Este plan, presentado por el secretario de Comercio Augusto Costa y el secretario de Telecomunicaciones Norberto Berner, busca establecer una tarifa de referencia y crear competencia entre las cuatro empresas de telefonía móvil que operan en Argentina.

“Se pondrá en marcha una alternativa de consumo que servirá de referencia para que los consumidores argentinos estén informados de los costos de la telefonía y puedan comparar y elegir qué plan se adapta mejor a sus necesidades,” afirmó Berner.

Además aseguró que los precios de este plan serán “sensiblemente menores” a los que ofrecen hoy las compañías. Los usuarios de celulares con planes prepagos podrán “de manera libre y gratuita cambiarse al plan prepago nacional, optando por mantener la portabilidad numérica”, puntualizó Berner.

Por su parte, el secretario de Comercio indicó que “con más elementos, el consumidor puede tomar decisiones informadas, y eso es sinónimo de un ejercicio efectivo de los derechos”.

Esta propuesta del Gobierno se aplica solo a los planes prepagos, que representan el 70% del total de la facturación de las empresas. Buscan “evitar abusos por la multiplicidad de planes ofrecidos y la falta de información sobre los costos del servicio”, según informó el comunicado del Palacio de Hacienda.

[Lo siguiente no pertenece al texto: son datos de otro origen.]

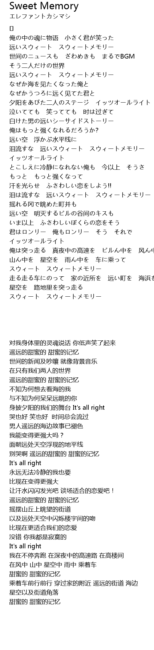 | 歌曲 | Sweet Memory |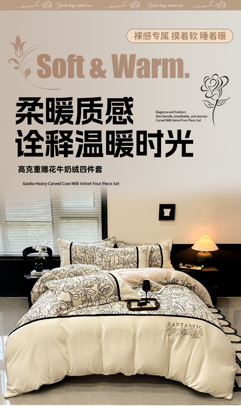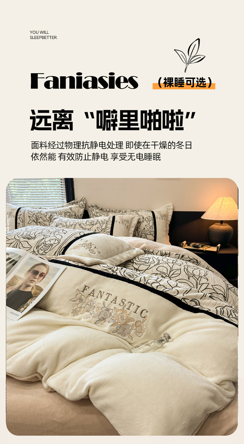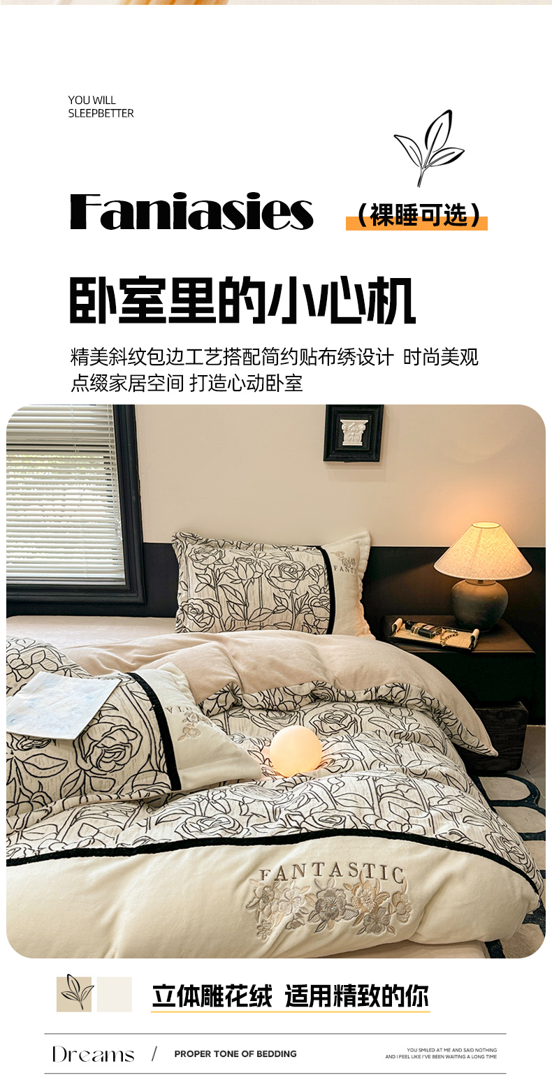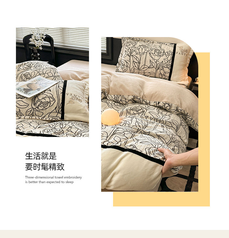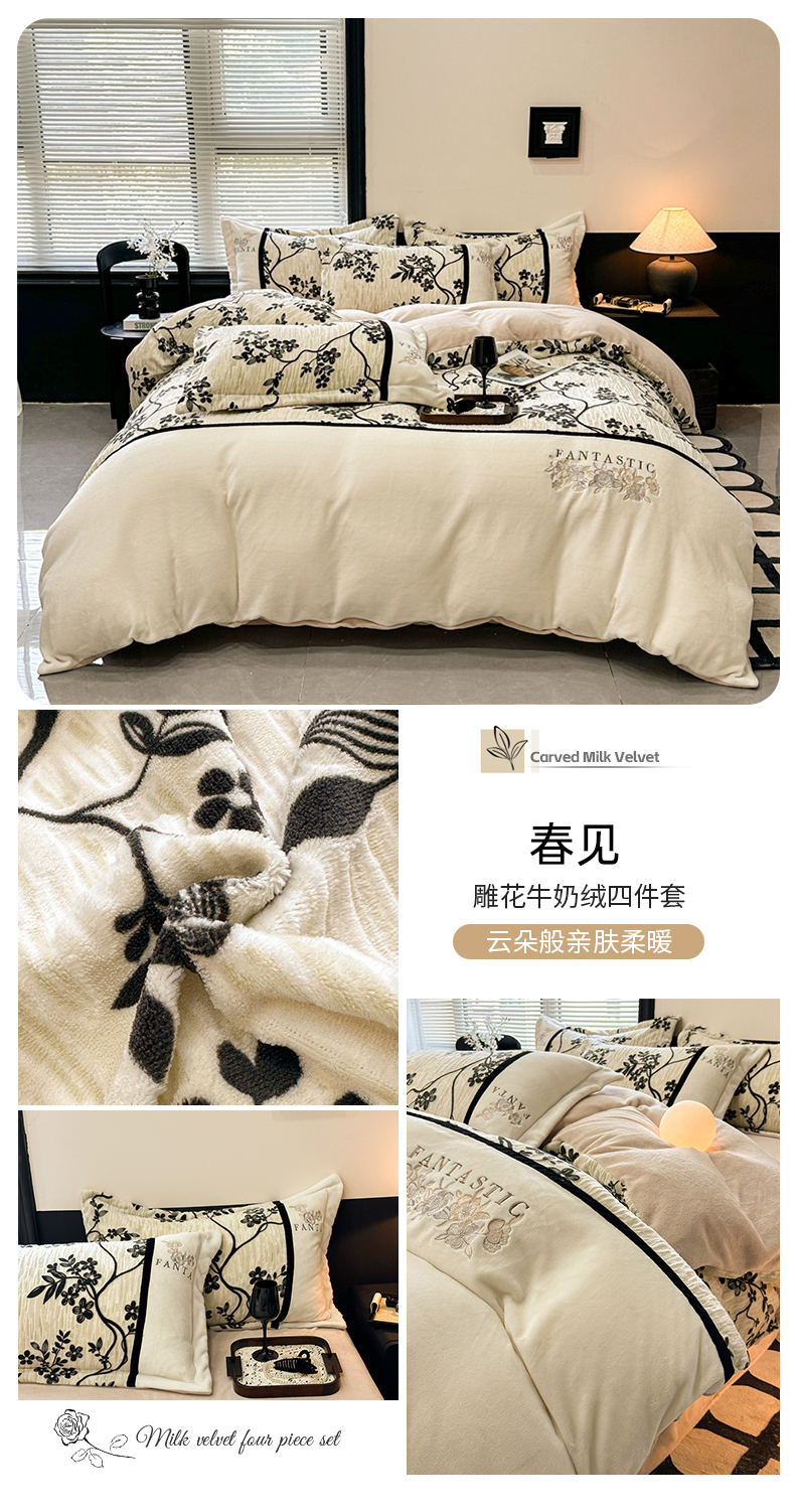 (总)金牛座家纺 2025新款立体雕花加厚牛奶绒刺绣拼接四件套【控价 售价请勿低于158】,花海,春见,蝶林,玫语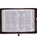 An easy-to-carry faux leather handle is attached with brushed gold metal hardware and folds completely flat when the cover is opened. This Bible case also comes with an exterior slip pocket and two interior pen loops, so you can keep all your materials safe in one place. Brown topstitching borders the edges and panels, lending durability to the design. The brown faux leather zipper pull glides closed smoothly to keep the Bible within entirely secure.
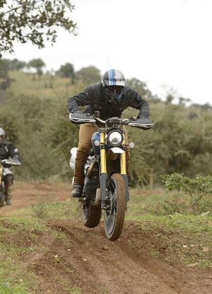 After learning about the two new Scrambler 1200s the night prior, our first wave of editors had the pleasure of spending the next day on the XC and XE models off-road, on and around Wim Motors Academy in Boavista dos Pinheiros, Portugal, a training school for rally-type off-road riding, roadbook navigation, and general training facility for all sorts of riders from Dakar racers to the Portuguese ISDE team. To say we were excited would be an understatement.
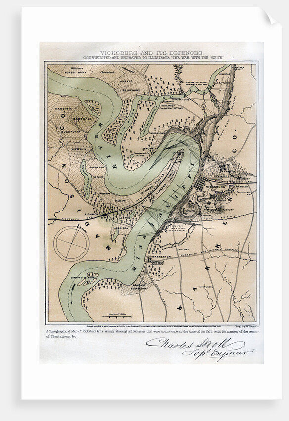 Vicksburg, Mississippi, and its defences, 1862-1867. The Union capture of the fortress of Vicksburg in July 1863 gave them control of the Mississippi River and split the Confederacy in two. An engraving from volume II of The War with the South : a History of the Late Rebellion, by Robert Tomes, Benjamin G Smith, New York, Virtue & Yorston, 3 Volumes, 1862-1867.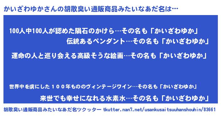 | 意味不明あだ名 | 『かいざわゆかフォーエバー』 |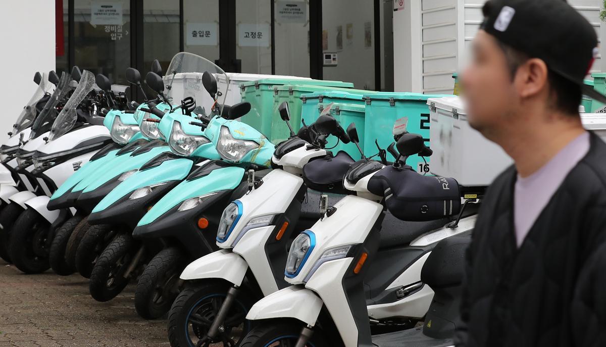 서울 강남구 논현동 배달의민족 자회사 ‘딜리버리N’ 앞에 오토바이들이 주차되어 있다. 2023.5.5 뉴스1

Los precios establecidos por el ministerio de Economía incluyen un valor de AR$0,74 (US$0,06) por el envío de un SMS (frente a los AR$0,99 que está ofreciendo hoy Claro Argentina) y AR$1,47 (US$0,11) por el bloque de los primeros 30 segundos de llamada (contra AR$1,65). Además ofrece un precio diario de envío y recepción de datos de internet a AR$2,50 (US$0,2), contra los AR$3 de Claro.

En cuanto a la magnitud de la industria, Berner precisó que el consumo en Argentina aumentó “de 4,5 millones de celulares en 2003 a 63 millones” en la actualidad, y sostuvo que así se pasó “de un servicio para una élite, a uno de todos los argentinos con celular, es decir, acceso universal”.

También sostuvo que ahora lo importante es que las empresas de telefonía sigan invirtiendo cada vez más en el país, pero que esa inversión esté “mejor destinada”. Justificó la medida diciendo que desde el Estado se cumple con regular y controlar.

La contracara

Jose Luis Espert, economista argentino, le expresó a PanAm Post que esto terminará perjudicando aún más a la industria de la telefonía móvil argentina. Aseguró que pasará exactamente lo opuesto a lo que dice el Gobierno que sucederá.

“Tenemos el parque tecnológico más viejo de América Latina en materia de telefonía móvil. Hoy ya casi no se puede hablar por celular por la interferencia y la mala calidad de la señal de cobertura, y este plan es un desincentivo para la inversión. Los empresarios deberían poder poner los precios que deseen”.

Ademas, señaló que cada vez que el Estado interviene en una industria en particular la destruye. “Esto ocurrió con el mercado de la carne, de las frutas y verduras, hoy ya no hay más trigo y estamos sin energía”, indicó Espert.

Finalmente aseguró que hoy Argentina es el segundo país del mundo con mayor inflación. “Están cuidando los precios para que sean los más altos posibles”, ironizó.

¿Inflación cuidada?

Bajo el lema de “a los precios los cuidamos entre todos”, el Gobierno nacional obligó a empresas comercializadoras, distribuidoras y otros proveedores a mantener una administración de precios controlados, determinados por las autoridades según el análisis de las cadenas de valor.

Según la página web oficial del programa, “son precios que permiten asegurar condiciones de competitividad en la economía, cuidar el bolsillo de los argentinos y que cada consumidor ejerza su derecho de elegir informado”.

Actualmente esta iniciativa del Gobierno se aplica a productos de supermercados y autoservicios, materiales de la construcción, mayoristas y distribuidoras y hasta acuerdo de precios de 23 modelos de motos.

A pesar de la intención del Gobierno nacional de mantener un nivel de precios estable, la inflación de Argentina solo en el mes de julio fue del 2,55%, según los datos del Índice de Precios de elaborado por el Congreso. El Instituto Cato calcula que Argentina ya está con una inflación anual implícita del 56%.

 

Belén Marty es Lic. en Comunicación por la Universidad Austral. Actualmente cursa el Master en Economía y Ciencias Políticas en ESEADE. Conduce el programa radial “Los Violinistas del Titanic”, por Radio Palermo, 94,7 FM.